Serious Eats: New York
Luis Bollo's Guide to Spanish Food and Ingredients in NYC
When we think of Spanish food, we spend a lot of time stuck in the past: traditional preparations, classic dishes, and timeless flavors are king. But Basque chef Luis Bollo feels differently. Arguably the first chef to bring modernist Spanish cuisine to New York with his innovative pioneer restaurant, Meigas, Bollo was a little ahead of the curve, and the restaurant relocated to Connecticut after just two years despite critical acclaim. In 2011, he brought Basque Country back to the city with Salinas, which revives classic dishes by infusing them with modern technique. "Tradition is the star," Bollo says, "but we need to show that we can evolve."
Whether he's searching for fresh fish to dry and salt himself, or wants to sit down to tortilla espanola the way his grandmother used to make it, here are the places Luis goes for a taste of San Sebastian.
There's not a lot of Spanish stores. There's one where you can find almost everything, and a few where you can find a few things. The only store in New York that's really Spanish is Despaña. It's a company where you can find many different Spanish products, including dried cured meats, any kind of spice like pimenton, saffron, all kinds of paprika, and the high-end canned products we use in Spanish cooking like anchovies, boquerones, tuna, etc. They have the canned products from my home town of San Sebastian, the same companies I used to buy at home. They've been making their own chorizo for over a decade, and they have lots of different ones, like sobrasada, a soft Spanish chorizo that comes from Mallorca (but they make their own) and txitorra, a fresh sausage that you normally cook a la plancha, so it's juicy on the inside and crispy on the outside.
Fairway has a good selection of olives. I can't find every kind of olive all the time, but they often have Gordal and Empeltre olives. I do a lot of my cooking with those black Empeltres; they're good for tapenades.
Murray's Cheese has a great variety of Spanish cheeses like Garrotxa and Monte Enebro, which are soft Spanish cheeses. They sell a good amount of these, and keep them in a controlled environment so they don't dry out.
Across the street from Salinas there's an F. Rozzo & Sons fish market.
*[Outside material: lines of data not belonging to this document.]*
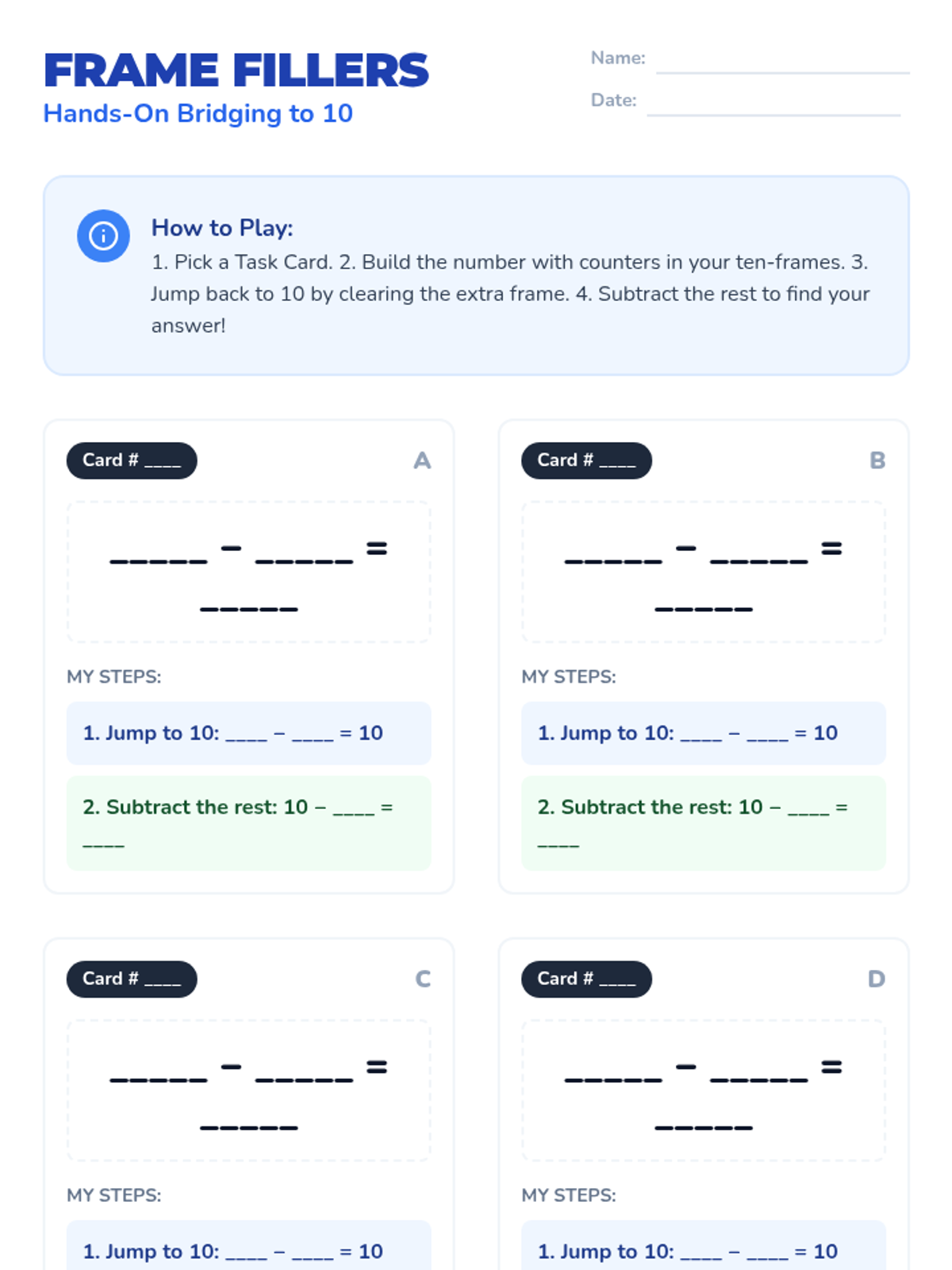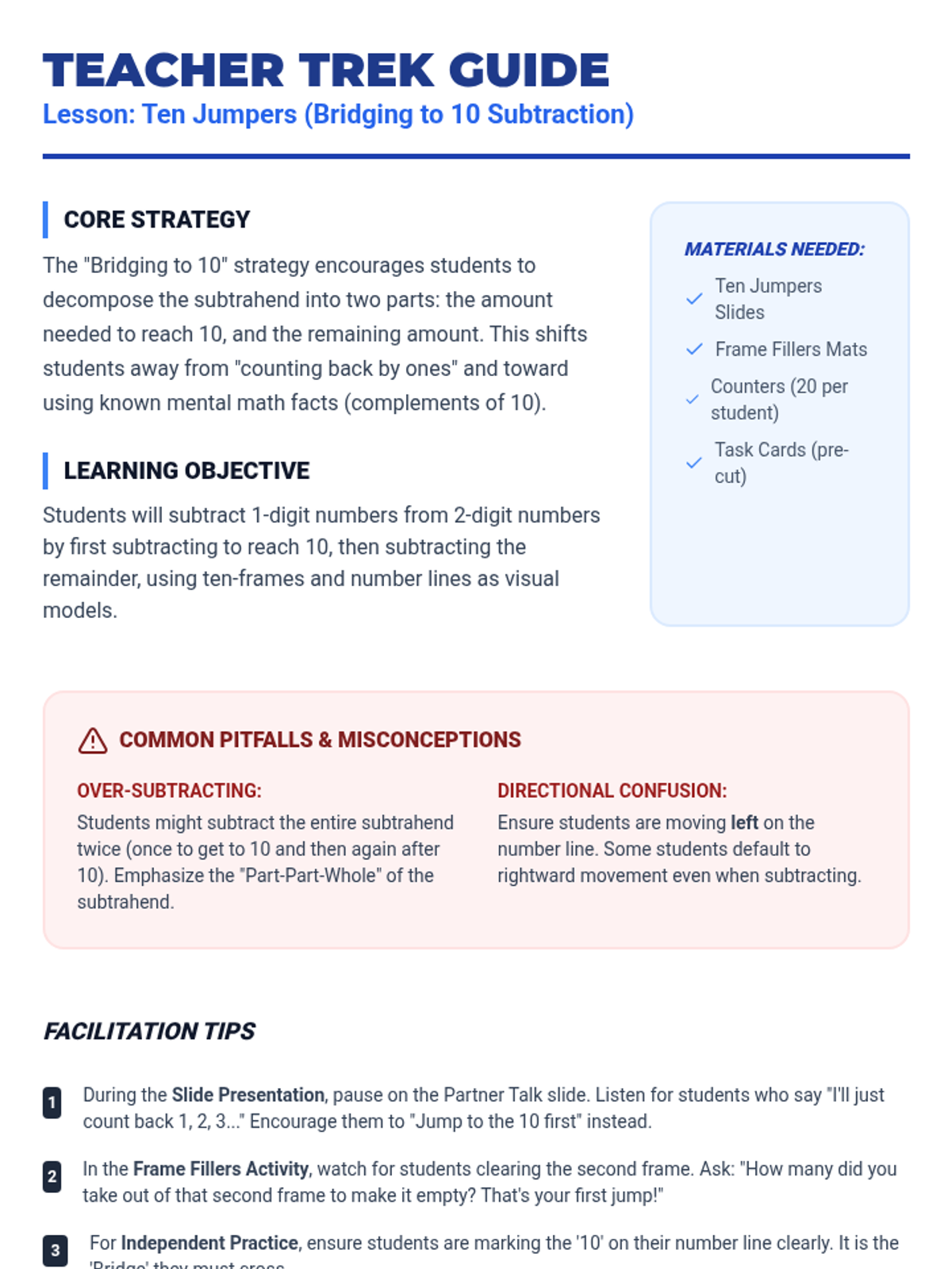 A 2nd-grade lesson focused on the 'bridging to 10' strategy for subtraction, using ten-frames and number lines to decompose subtrahends and simplify calculations.
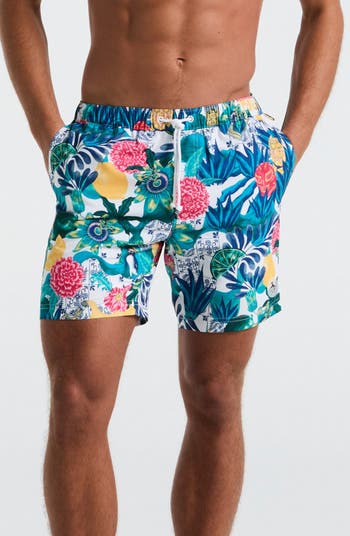A colorful print will have you feeling ready for a vacation in these slim-fit swim trunks. They dry quickly and have plenty of stretch for added confidence in the water and on land.
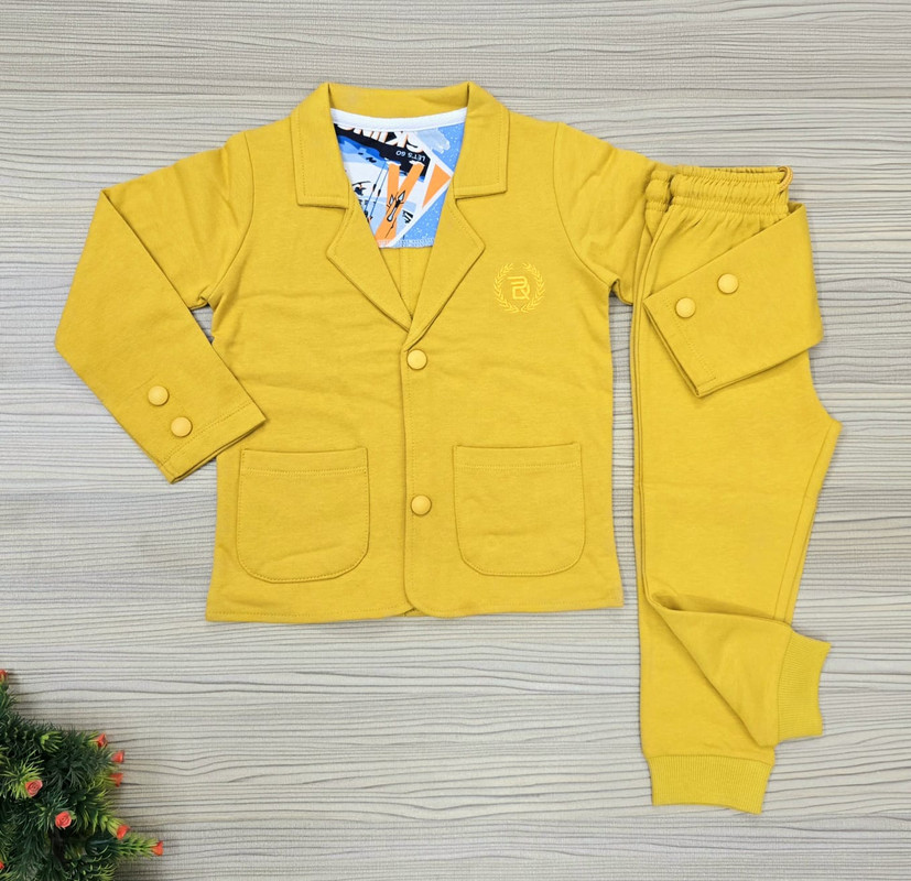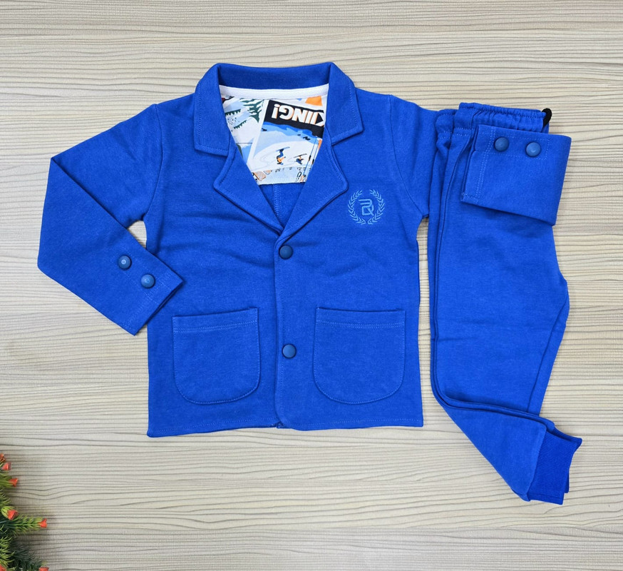 Market hit Collection Blazer Set Size- 6/9, 12/18, 18/24, 24/36 Month Ratio - 3-3-3-3= 12 pcs bilister Colour - 10 Fabric - Terry GSM - 250-300 Qty- 2200 pcs Price
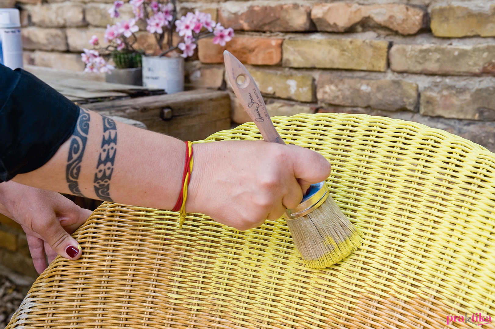 Tisztítsd meg a rattanszéket, hogy a ne legyen poros a felület. Csiszolni vagy koptatni nem kell, még akkor sem, ha le volt lakkozva, mert a krétafestékek megtapadnak a lakkozott felületen is. Nagyméretű, sűrű szálú ecsettel vidd fel az alapszínt egy rétegben. Körkörös mozdulatokkal dolgozz, de ne aggódj, ha a résekbe nem megy be teljesen a festék, mert pont ettől lesz izgalmas a felület. Ha megszáradt az első réteg, és úgy érzed, nem fed eléggé, akkor még egyszer átkenheted ugyanazzal a színnel.
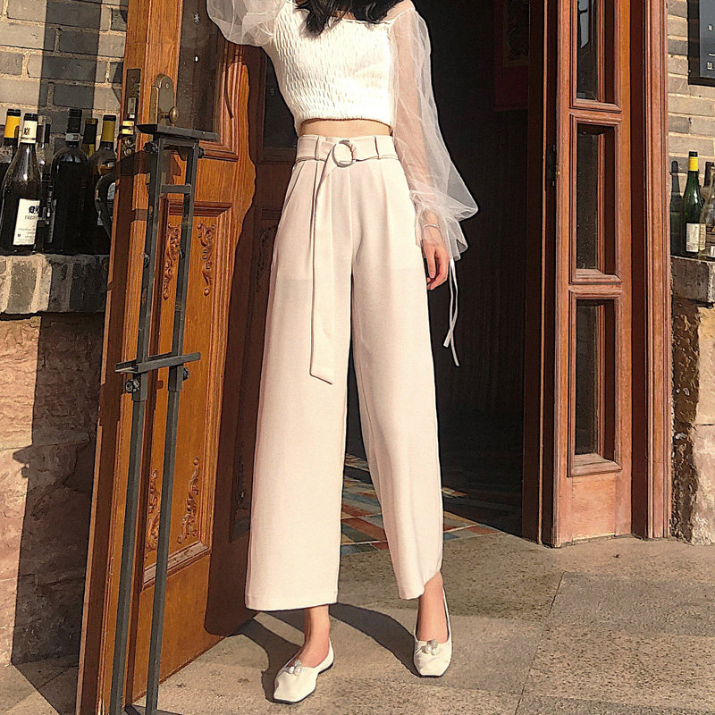 Broadlegged Pants Woman High Waist Summer New Pituality Women Casual Pants Loose Slim Ice Silk Straight Drum Suit 90% Pants

They sell fresh seafood every day, and I go every day, the same way I would in a Spanish fish market, to see what's good. We make our own bacalao (a dried codfish often used for stuffing), so I buy the best fresh black or white codfish from them and salt it myself. They also have great whiting, which we call merluza: it's the king of fishes in Spain, and they have it there almost every day. They have all the Mediterranean fishes like branzino, the tuna that you'd find in Southern Spain, langoustines, etc. They're very nice people, and they allow me to go check on what I like. They know that I know about food, and that I'm Basque—we eat a lot of seafood.
Tinto Fino is a shop that specializes in Spanish wine; they have wine from all regions of Spain. Wines from Rioja, anywhere—whatever you want.
Socarrat is doing the best job. They recently opened a third location. Lolo (the founder) has been focusing on paella and almost nothing else. Even though he's just doing one thing, he makes a different preparation for every different paella. He buys the right rice: bomba and calasparra. He cooks it right, with the finest seafood and Spanish products. It's always on-point.
There are so many places, but Chef Andy Nusser at Casa Mono has really elevated tapas to a culinary category. Before them, tapas were something of the past. Casa Mono's tapas are influenced by all over, not just from Spain, with notes from Northern Africa and other areas. They have a croquette with goat cheese that I tried last time, and really liked. It's simple, consistent, high-quality, and creative.
I've tried different tortillas in the city, but the tortilla at Boqueria is classic, with a high content of potato and a small amount of egg, and it's very consistent. There are people who like a different ratio of potato, onion, and egg, but this is the way my grandma used to cook it.
Tía Pol does a fabulous job with their papas bravas. The sauce is good, and they make them the way I like, with the sauce mixed in rather than on top, so you get a lot of flavor.
The best I've tried wasn't at a Spanish restaurant; it was at Mercadito, which is Mexican. They have two kinds, but I love the one with goat cheese and caramel. It's experimental, and flan is the kind of dessert where you can do that.
Café Con Leche
I love Prodigy Coffee. Uou can have a café con leche there even though it's not on the menu. Their espresso is also really good.
The owner of Txikito worked for me when I opened Meigas in 2000, and I have a lot of confidence in him. He cooks Basque cuisine in a very casual way, with high quality ingredients. It's creative comfort food.
El Pote serves Castillian cuisine. Their sopa de ajo (garlic soup), paella, rack of lamb, fideos, and octopus cooked Galican-style are all very good. They keep the way of cooking the same way it used to be. I go when I want to get the authentic, old-fashioned flavors. The chef/owner has been there a long time, over thirty years, and cooks the same food right every day.